I'm so jealous of this idea that I may have shit myself a bit.
hey...the worst part is the make money off these horrible film. I guess its just good buisness.
I loved KNocked up btw.
Ray,
I'm with you. Let's go.
burbanked,
Thanks. You can never have enough beatings. Copious amounts of beatings.
Shea,
Yeah, they probably get paid a lot of money. And I have heard many a good thing about Knocked Up.
I'm not ashamed to admit that I'm really looking forward to "Halloween." I'm a fan of Zombie's music and movies, and I'm content that such a delicate remake is in the hands of someone who understands the genius of the original, as well as other classic horror films. In his defense, he is taking it in a new direction, and had the foresight to keep Carpenter's original score intact.
Adam,
You are right that he had foresight. Carpenter helped in writing, so there is promise. But it goes back to my whole thing of not having to tell us everything. The original to me is excellent. It will still be excellent even if this is a turd, it just bugs.

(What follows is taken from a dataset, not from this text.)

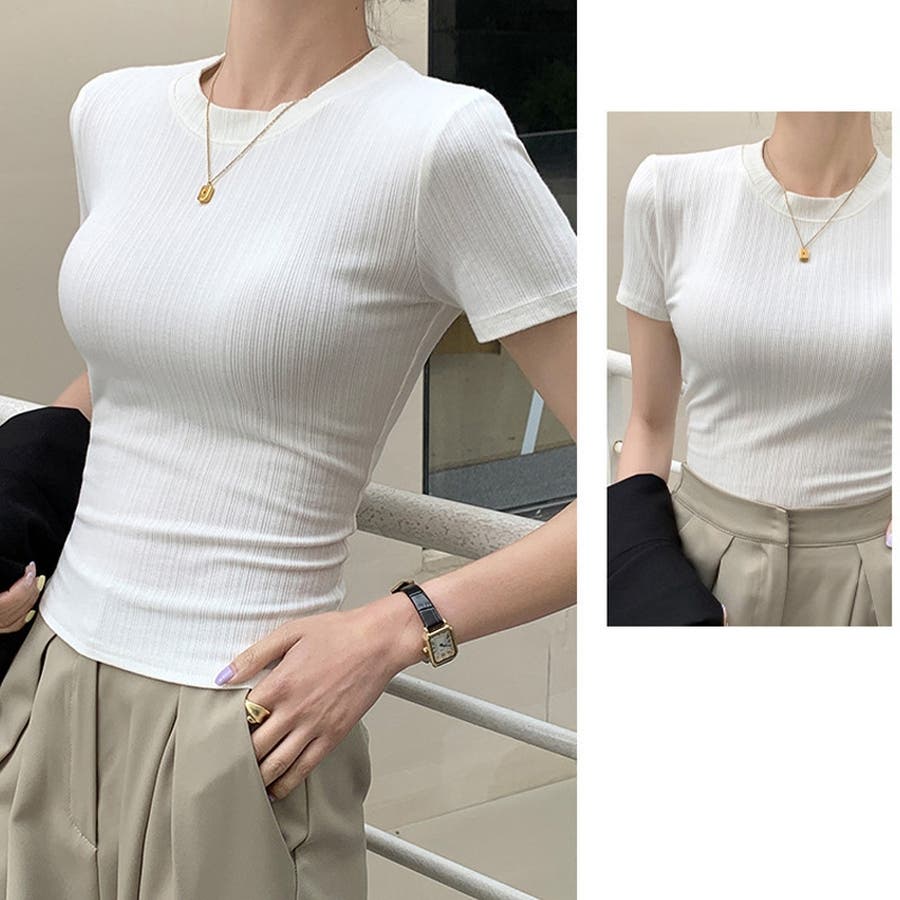 柔らかい素材感が心地よく、長時間の着用でも快適さを保ちます。さらに、フィット感のあるシルエットが女性らしさを引き立て、さりげないおしゃれを演出します。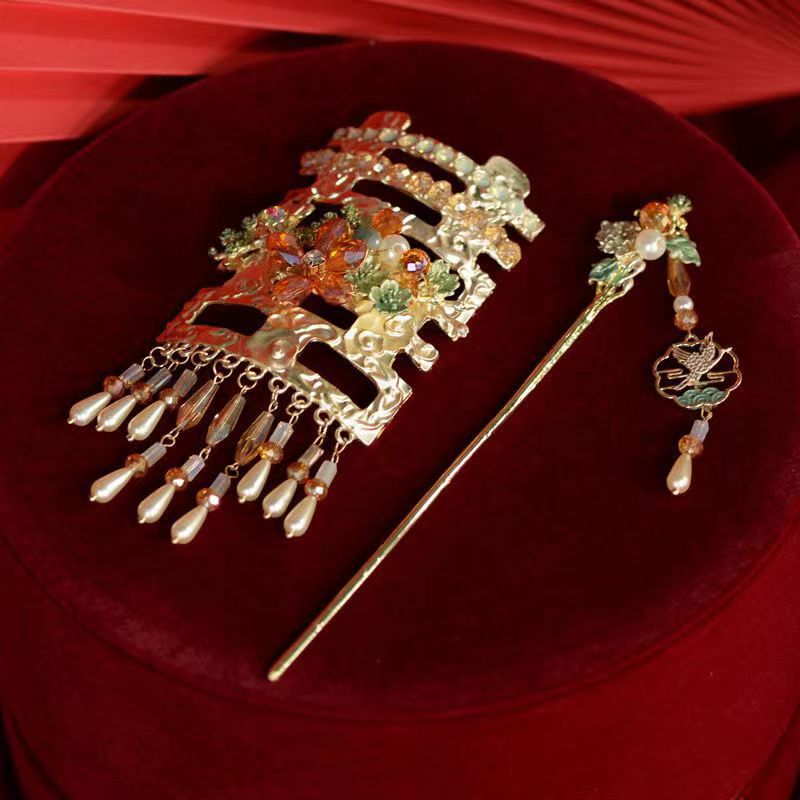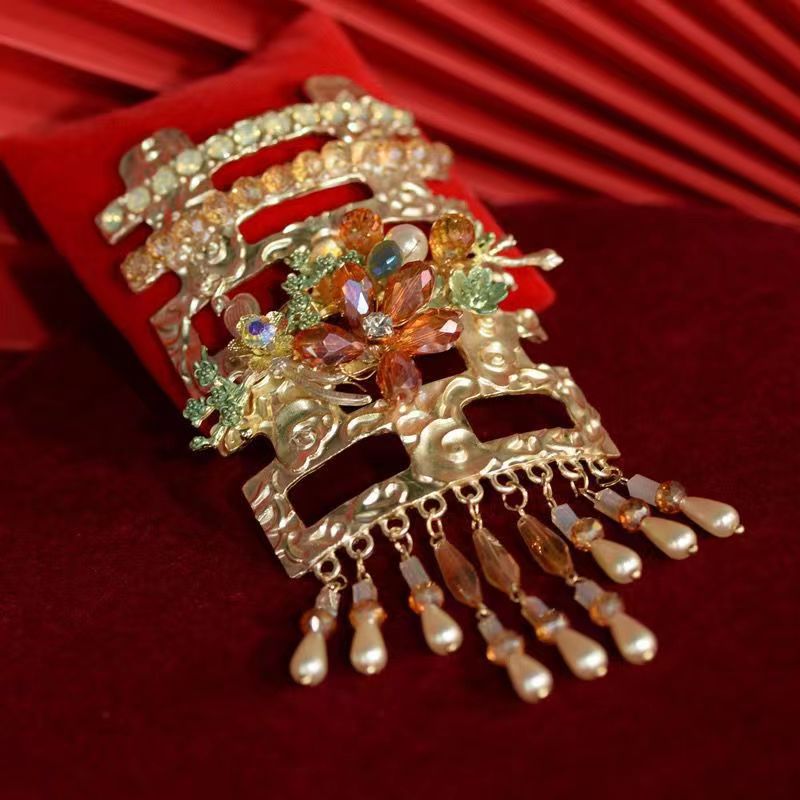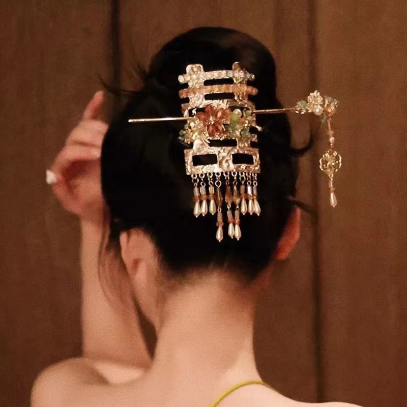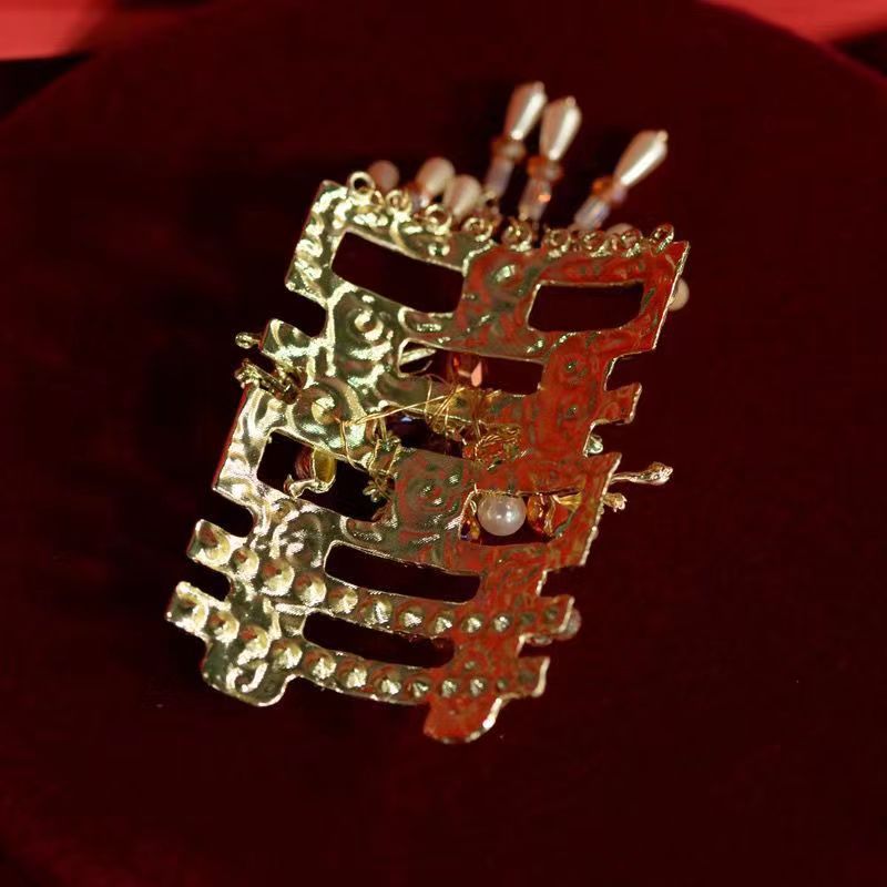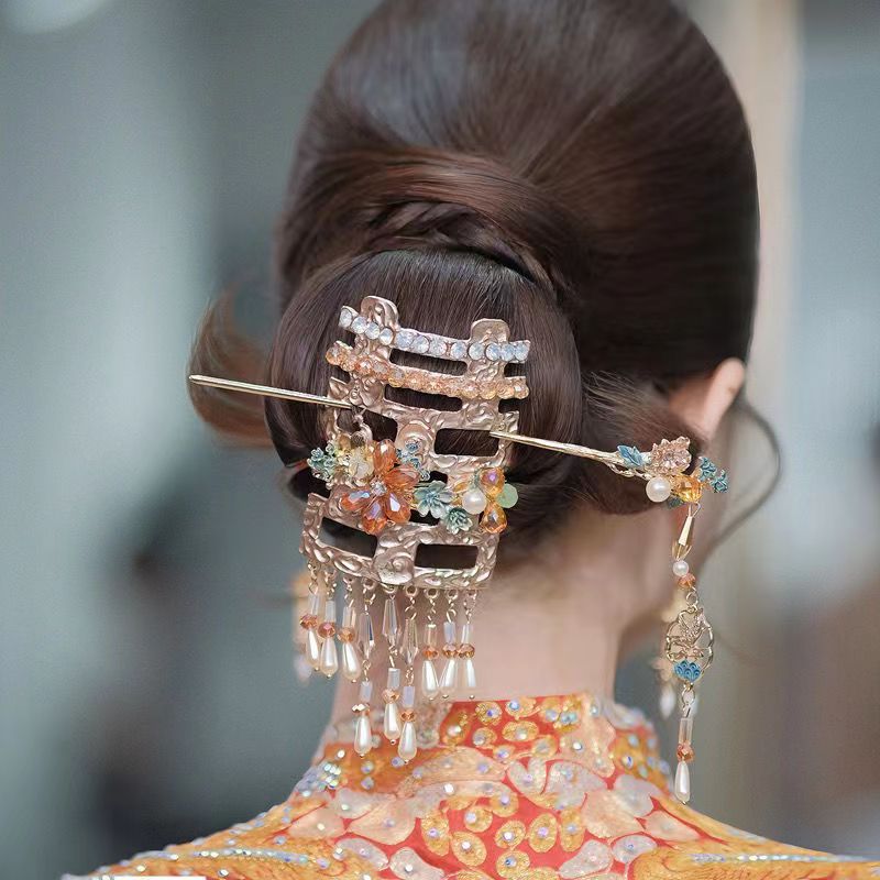 새로운 중국 신부 머리핀 접시 머리 골동품 두 배 행복 황금 술 모자 Xiuhe 원피스 치파오 아침 원피스 웨딩 머리핀스토어 가기

And I can't go there with you about Zombie being a good director. Just can't do it.
"...while I nursed a plastic baby."
Comedy gold. I just shot coffee out my nose.

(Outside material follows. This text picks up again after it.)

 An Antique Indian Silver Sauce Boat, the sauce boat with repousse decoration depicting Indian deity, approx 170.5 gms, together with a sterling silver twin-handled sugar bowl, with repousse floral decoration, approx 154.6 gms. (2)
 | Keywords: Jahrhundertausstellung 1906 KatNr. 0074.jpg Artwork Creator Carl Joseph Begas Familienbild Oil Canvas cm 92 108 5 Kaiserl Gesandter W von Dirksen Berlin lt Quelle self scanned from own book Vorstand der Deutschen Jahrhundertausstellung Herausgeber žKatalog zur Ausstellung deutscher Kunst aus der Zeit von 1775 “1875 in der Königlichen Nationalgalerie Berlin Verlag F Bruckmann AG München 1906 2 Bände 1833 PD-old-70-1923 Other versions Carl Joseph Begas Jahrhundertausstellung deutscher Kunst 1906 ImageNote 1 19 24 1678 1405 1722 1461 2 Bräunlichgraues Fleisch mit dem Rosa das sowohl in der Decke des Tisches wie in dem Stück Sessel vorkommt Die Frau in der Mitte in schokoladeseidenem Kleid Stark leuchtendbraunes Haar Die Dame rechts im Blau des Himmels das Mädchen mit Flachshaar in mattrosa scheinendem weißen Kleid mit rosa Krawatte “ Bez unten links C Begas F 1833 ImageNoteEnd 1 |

I have to argue one of them, THE DUKES OF HAZZARD.
This could have been a great film, or at least an entertaining film. An attempt to make an old-school, 70's style Southern chase film. Bring back the whole SMOKEY AND THE BANDIT style of fun.
The cast wasn't bad, but they went and hired the Broken Lizard guys to make it. A totally wrong fit. It is (not at the same level) like remaking BULLIT and hiring the Farrelly's. Two completely different sensibilities.
That was where the film failed. Not in the fact that the film was greenlit, but they hired the wrong people to make it. It could have worked, but didn't.
And CADDYSHACK 2 also had potential. I was there opening day to see it. But the resulting film was terrible.
I don't think the Halloween remake originated with Rob Zombie. I'm pretty sure that's what Malek Akkad came to him with. But, I agree, there was no reason to greenlight that.
I am going to join the pro-Dukes of Hazzard pitch society. I didn't even bother watching the movie after seeing the trailer, but the concept had made my ears stand up. I think they could've made something terrifically fun out of it.
Moviezzz,
Yeah, I don't know that great film and Dukes Of Hazzard go together well. But you're right that it could have been better.
Neil,
The pro-Dukes Of Hazzard society. Where do I sign up.
I think I'd be a good greenlighter, too. I can't believe the shit that they can find funding for! Who pays for this stuff? Who watches it?! (Well, except Pearl Harbor, which I thought kind of hokey fun.)